- [ACTION ITEM]
Copy out the listing in full, exactly as written, but not its pictures.

DATA SHOWN below:

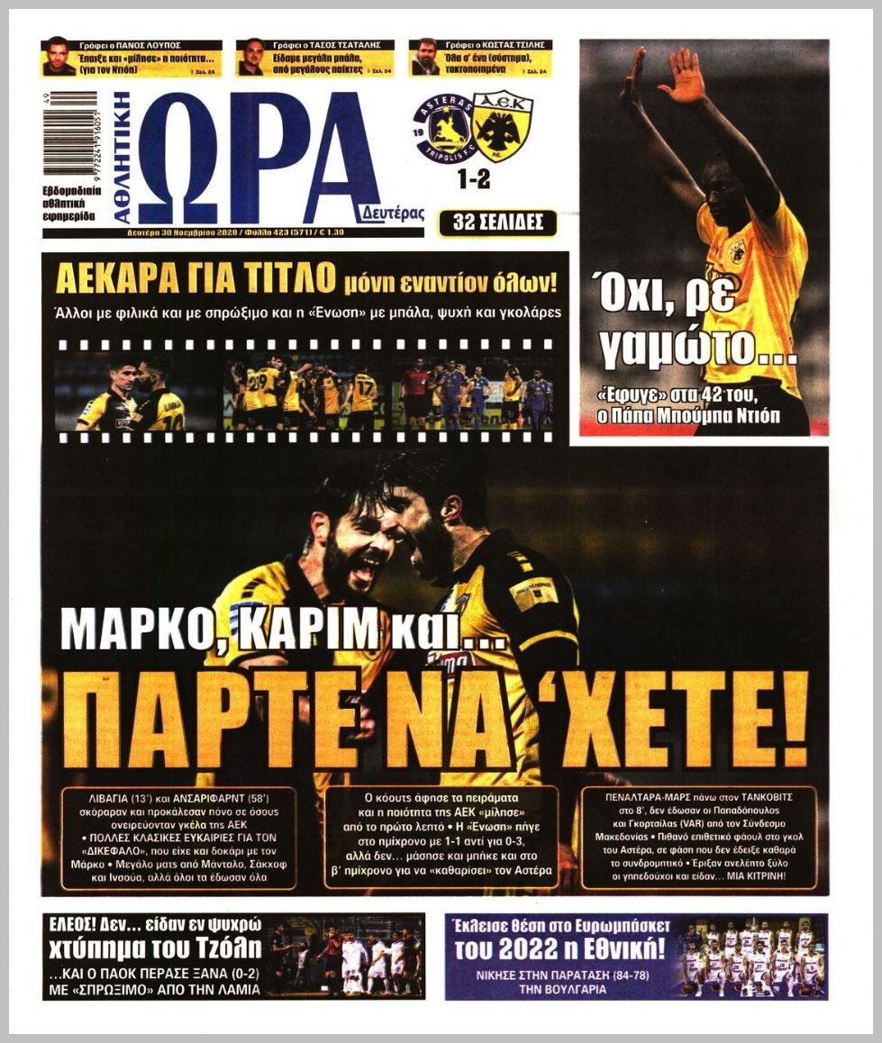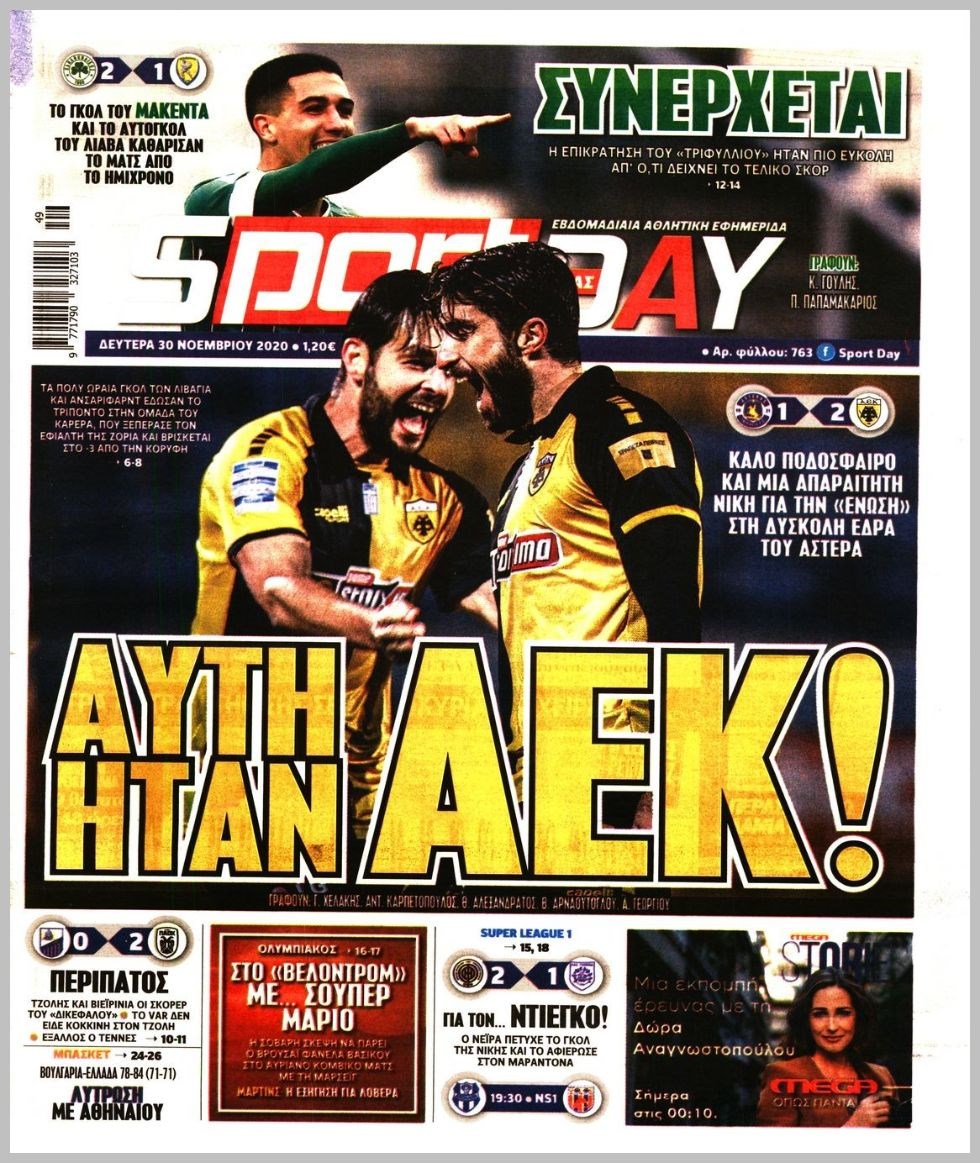 Οι αθλητικές εφημερίδες 30/11/2020 Διονύσης Νίκκας 06:54, Δευτέρα 30 Νοεμβρίου 2020 Media Διαβάστε τα πρωτοσέλιδα των αθλητικών εφημερίδων… ΑΘΛΗΤΙΚΕΣ ΕΦΗΜΕΡΙΔΕΣ Μοιράσου το: σχολίασε κι εσύ (0 σχόλια) Ακολουθήστε το enikos.gr στο Google News και μάθετε πρώτοι όλες τις ειδήσεις Δείτε όλες τις τελευταίες ειδήσεις από την Ελλάδα και τον Κόσμο στο enikos.gr Ειδήσεις Ροή Ειδήσεων 5 ώρες πριν Χριστούγεννα στα μπλόκα: Επιμένουν στις κινητοποιήσεις τους οι αγρότες – Ανοίγουν τα διόδια το Σαββατοκύριακο 6 ώρες πριν Ουκρανία: Η άνευ προηγουμένου επίθεση σε ρωσικό τάνκερ στη Μεσόγειο και το μήνυμα προς στον Πούτιν – Το «μακρύ χέρι» του Κιέβου 5 ώρες πριν Πούτιν: Τα μηνύματα σε Ευρώπη και ΝΑΤΟ από το μαραθώνιο «σόου» του – Η απαίτηση για «σεβασμό» και η ειρήνη «με τους όρους» της Μόσχας 6 ώρες πριν Τραμπ: Δεν αποκλείει την πιθανότητα ενός πολέμου στη Βενεζουέλα – «Ο Μαδούρο ξέρει καλύτερα από τον καθένα τι ακριβώς θέλω» 6 ώρες πριν Συνεχίζει να προκαλεί ο Μίτσκοσκι: «Για μένα το όνομα Μακεδονία είναι ιερό» 5 ώρες πριν Ανακαλύφθηκαν αρχαία χρυσά νομίσματα 2.200 ετών που απεικονίζουν τον θεό Απόλλωνα – Η άγνωστη σύνδεση με τον Φίλιππο Β΄ της Μακεδονίας 6 ώρες πριν Ύπνος: Μια κρυφή κατάσταση του εγκεφάλου πριν από τον ύπνο μπορεί να είναι το “κλειδί” για υψηλή ευφυΐα και δημιουργικότητα 7 ώρες πριν Αριθμολογία: Οι άνθρωποι που έχουν γεννηθεί αυτές τις 4 ημερομηνίες, συχνά παρεξηγούνται – «Η καλοσύνη τους κρύβει τεράστια δύναμη» 8 ώρες πριν Ξεχάστε το καθάρισμα το Σαββατοκύριακο: Ο «κανόνας των 20 λεπτών» που θα σας λύσει τα χέρια 2 λεπτά πριν Φως στο Τούνελ: Έφτασε η ώρα της αλήθειας για την δολοφονία της χήρας του πρώην υπουργού στο Κολωνάκι 17 λεπτά πριν Ντόναλντ Τραμπ: Προστέθηκε το όνομά του στην πρόσοψη του Κέντρου Κένεντι – Οργισμένη αντίδραση των συγγενών του JFK 32 λεπτά πριν Ταμίλα Κουλίεβα: «Δεν θέλω να είμαι κάποια που πορεύεται συνεχώς με τις ίδιες αναφορές» 47 λεπτά πριν Η Ελλάδα προσχωρεί στη Διεθνή Επιτροπή Αποζημιώσεων για την Ουκρανία 1 ώρα πριν GNTM: Η Ξένια Τσίρκοβα αναδείχθηκε μεγάλη νικήτρια και πήρε τις 50.000 ευρώ – Ποιος βρέθηκε σε απόσταση αναπνοής; ENIKOS NETWORK Το ΕΚΑΒ τιμήθηκε από την Ακαδημία Αθηνών για τα 40 χρόνια προσφοράς του Έχετε πραγματικά μεγάλη καρδιά; 10 χαρακτηριστικά όσων έχουν καλοσύνη Αναστολή μέτρων αναγκαστικής εκτέλεσης για κτηνοτρόφους που πλήττονται από την ευλογιά των αιγοπροβάτων Πλήρης επάρκεια προϊόντων στις λαϊκές της Αττικής, παρά τις αγροτικές κινητοποιήσεις – Τι απαντούν οι πωλητές Χαρτογραφώντας το «σημείο χωρίς επιστροφή»: Για πρώτη φορά αποκαλύπτεται με λεπτομέρεια το ακανθώδες όριο της ατμόσφαιρας τ... Η Google καταργεί τη λειτουργία «dark web report» – Πώς θα μπορούν οι χρήστες να διαγράφουν τα δεδομένα τους περισσότερα 02:50 , Σάββατο 20 Δεκεμβρίου 2025 GNTM: Η Ξένια Τσίρκοβα αναδείχθηκε μεγάλη νικήτρια και πήρε τις 50.000 ευρώ – Ποιος βρέθηκε σε απόσταση αναπνοής; Με φαντασμαγορικό τρόπο ολοκληρώθηκε το βράδυ της Παρασκευής ο μεγάλος τελικός του GNTM, μέσα ... 22:42 , Παρασκευή 19 Δεκεμβρίου 2025 Γιώργος Γιαννόπουλος για “Το σόι σου”: “Είναι ευτυχία και ευλογία αυτή η σειρά” «Είναι ευτυχία και ευλογία η συγκυρία αυτής της σειράς», θα πει ο Γιώργος Γιαννόπουλος -ο αγαπ... 20:37 , Παρασκευή 19 Δεκεμβρίου 2025 Don’t Forget The Lyrics: Η Έλλη Κοκκίνου υποδέχεται 4 παίκτες που θα κάνουν τα πάντα για να μη χάσουν ούτε… μισή λέξη από τους στίχους Το «Don’t Forget The Lyrics» επιστρέφει α
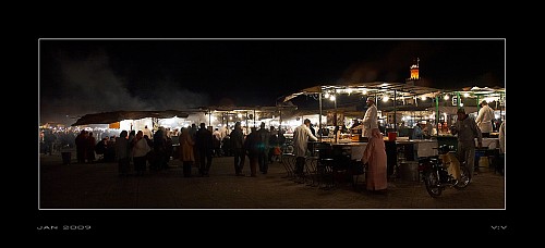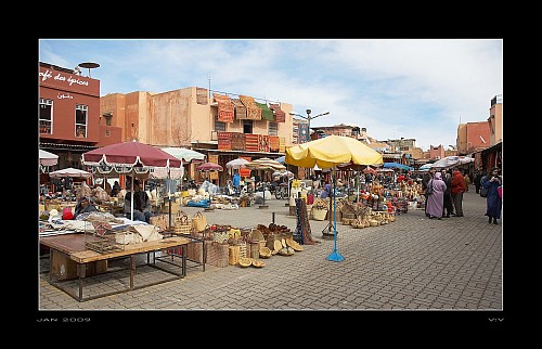 Ještě ten večer se přesouváme do Tinerhiru a odtud nočním busem do Marrakeche, kam přijíždíme nad ránem. Dobouchat se do smluveného hotýlku je trošku problém. Jsme neodbytní a tak nakonec kolem šesté ranní uléháme do spacáků. Probouzíme se před polednem a vyrážíme do víru obchůdků a krámků v místních pasážích. Nakupujeme suvenýry, obhlížíme památky a užíváme tepla, neboť již zítra večer budeme vystaveni čtyřicetistupňovému teplotnímu rozdílu – v Praze je totiž PATNÁCT pod nulou!!! Tak to můžeme v neděli jet na ledy.
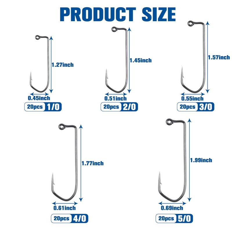 - 【100pcs Hook Kit】1/0-20pcs, 2/0-20pcs, 3/0-20pcs, 4/0-20pcs, 5/0-20pcs. Different sizes can meet your different needs. Packged in a reusable plastic box, easy to store and carry.

End of DATA SHOWN.

- [THE COMPLETED TASK]
 Οι αθλητικές εφημερίδες 30/11/2020 Διονύσης Νίκκας 06:54, Δευτέρα 30 Νοεμβρίου 2020 Media Διαβάστε τα πρωτοσέλιδα των αθλητικών εφημερίδων… ΑΘΛΗΤΙΚΕΣ ΕΦΗΜΕΡΙΔΕΣ Μοιράσου το: σχολίασε κι εσύ (0 σχόλια) Ακολουθήστε το enikos.gr στο Google News και μάθετε πρώτοι όλες τις ειδήσεις Δείτε όλες τις τελευταίες ειδήσεις από την Ελλάδα και τον Κόσμο στο enikos.gr Ειδήσεις Ροή Ειδήσεων 5 ώρες πριν Χριστούγεννα στα μπλόκα: Επιμένουν στις κινητοποιήσεις τους οι αγρότες – Ανοίγουν τα διόδια το Σαββατοκύριακο 6 ώρες πριν Ουκρανία: Η άνευ προηγουμένου επίθεση σε ρωσικό τάνκερ στη Μεσόγειο και το μήνυμα προς στον Πούτιν – Το «μακρύ χέρι» του Κιέβου 5 ώρες πριν Πούτιν: Τα μηνύματα σε Ευρώπη και ΝΑΤΟ από το μαραθώνιο «σόου» του – Η απαίτηση για «σεβασμό» και η ειρήνη «με τους όρους» της Μόσχας 6 ώρες πριν Τραμπ: Δεν αποκλείει την πιθανότητα ενός πολέμου στη Βενεζουέλα – «Ο Μαδούρο ξέρει καλύτερα από τον καθένα τι ακριβώς θέλω» 6 ώρες πριν Συνεχίζει να προκαλεί ο Μίτσκοσκι: «Για μένα το όνομα Μακεδονία είναι ιερό» 5 ώρες πριν Ανακαλύφθηκαν αρχαία χρυσά νομίσματα 2.200 ετών που απεικονίζουν τον θεό Απόλλωνα – Η άγνωστη σύνδεση με τον Φίλιππο Β΄ της Μακεδονίας 6 ώρες πριν Ύπνος: Μια κρυφή κατάσταση του εγκεφάλου πριν από τον ύπνο μπορεί να είναι το “κλειδί” για υψηλή ευφυΐα και δημιουργικότητα 7 ώρες πριν Αριθμολογία: Οι άνθρωποι που έχουν γεννηθεί αυτές τις 4 ημερομηνίες, συχνά παρεξηγούνται – «Η καλοσύνη τους κρύβει τεράστια δύναμη» 8 ώρες πριν Ξεχάστε το καθάρισμα το Σαββατοκύριακο: Ο «κανόνας των 20 λεπτών» που θα σας λύσει τα χέρια 2 λεπτά πριν Φως στο Τούνελ: Έφτασε η ώρα της αλήθειας για την δολοφονία της χήρας του πρώην υπουργού στο Κολωνάκι 17 λεπτά πριν Ντόναλντ Τραμπ: Προστέθηκε το όνομά του στην πρόσοψη του Κέντρου Κένεντι – Οργισμένη αντίδραση των συγγενών του JFK 32 λεπτά πριν Ταμίλα Κουλίεβα: «Δεν θέλω να είμαι κάποια που πορεύεται συνεχώς με τις ίδιες αναφορές» 47 λεπτά πριν Η Ελλάδα προσχωρεί στη Διεθνή Επιτροπή Αποζημιώσεων για την Ουκρανία 1 ώρα πριν GNTM: Η Ξένια Τσίρκοβα αναδείχθηκε μεγάλη νικήτρια και πήρε τις 50.000 ευρώ – Ποιος βρέθηκε σε απόσταση αναπνοής; ENIKOS NETWORK Το ΕΚΑΒ τιμήθηκε από την Ακαδημία Αθηνών για τα 40 χρόνια προσφοράς του Έχετε πραγματικά μεγάλη καρδιά; 10 χαρακτηριστικά όσων έχουν καλοσύνη Αναστολή μέτρων αναγκαστικής εκτέλεσης για κτηνοτρόφους που πλήττονται από την ευλογιά των αιγοπροβάτων Πλήρης επάρκεια προϊόντων στις λαϊκές της Αττικής, παρά τις αγροτικές κινητοποιήσεις – Τι απαντούν οι πωλητές Χαρτογραφώντας το «σημείο χωρίς επιστροφή»: Για πρώτη φορά αποκαλύπτεται με λεπτομέρεια το ακανθώδες όριο της ατμόσφαιρας τ... Η Google καταργεί τη λειτουργία «dark web report» – Πώς θα μπορούν οι χρήστες να διαγράφουν τα δεδομένα τους περισσότερα 02:50 , Σάββατο 20 Δεκεμβρίου 2025 GNTM: Η Ξένια Τσίρκοβα αναδείχθηκε μεγάλη νικήτρια και πήρε τις 50.000 ευρώ – Ποιος βρέθηκε σε απόσταση αναπνοής; Με φαντασμαγορικό τρόπο ολοκληρώθηκε το βράδυ της Παρασκευής ο μεγάλος τελικός του GNTM, μέσα ... 22:42 , Παρασκευή 19 Δεκεμβρίου 2025 Γιώργος Γιαννόπουλος για “Το σόι σου”: “Είναι ευτυχία και ευλογία αυτή η σειρά” «Είναι ευτυχία και ευλογία η συγκυρία αυτής της σειράς», θα πει ο Γιώργος Γιαννόπουλος -ο αγαπ... 20:37 , Παρασκευή 19 Δεκεμβρίου 2025 Don’t Forget The Lyrics: Η Έλλη Κοκκίνου υποδέχεται 4 παίκτες που θα κάνουν τα πάντα για να μη χάσουν ούτε… μισή λέξη από τους στίχους Το «Don’t Forget The Lyrics» επιστρέφει α
 Ještě ten večer se přesouváme do Tinerhiru a odtud nočním busem do Marrakeche, kam přijíždíme nad ránem. Dobouchat se do smluveného hotýlku je trošku problém. Jsme neodbytní a tak nakonec kolem šesté ranní uléháme do spacáků. Probouzíme se před polednem a vyrážíme do víru obchůdků a krámků v místních pasážích. Nakupujeme suvenýry, obhlížíme památky a užíváme tepla, neboť již zítra večer budeme vystaveni čtyřicetistupňovému teplotnímu rozdílu – v Praze je totiž PATNÁCT pod nulou!!! Tak to můžeme v neděli jet na ledy.
 - 【100pcs Hook Kit】1/0-20pcs, 2/0-20pcs, 3/0-20pcs, 4/0-20pcs, 5/0-20pcs. Different sizes can meet your different needs. Packged in a reusable plastic box, easy to store and carry.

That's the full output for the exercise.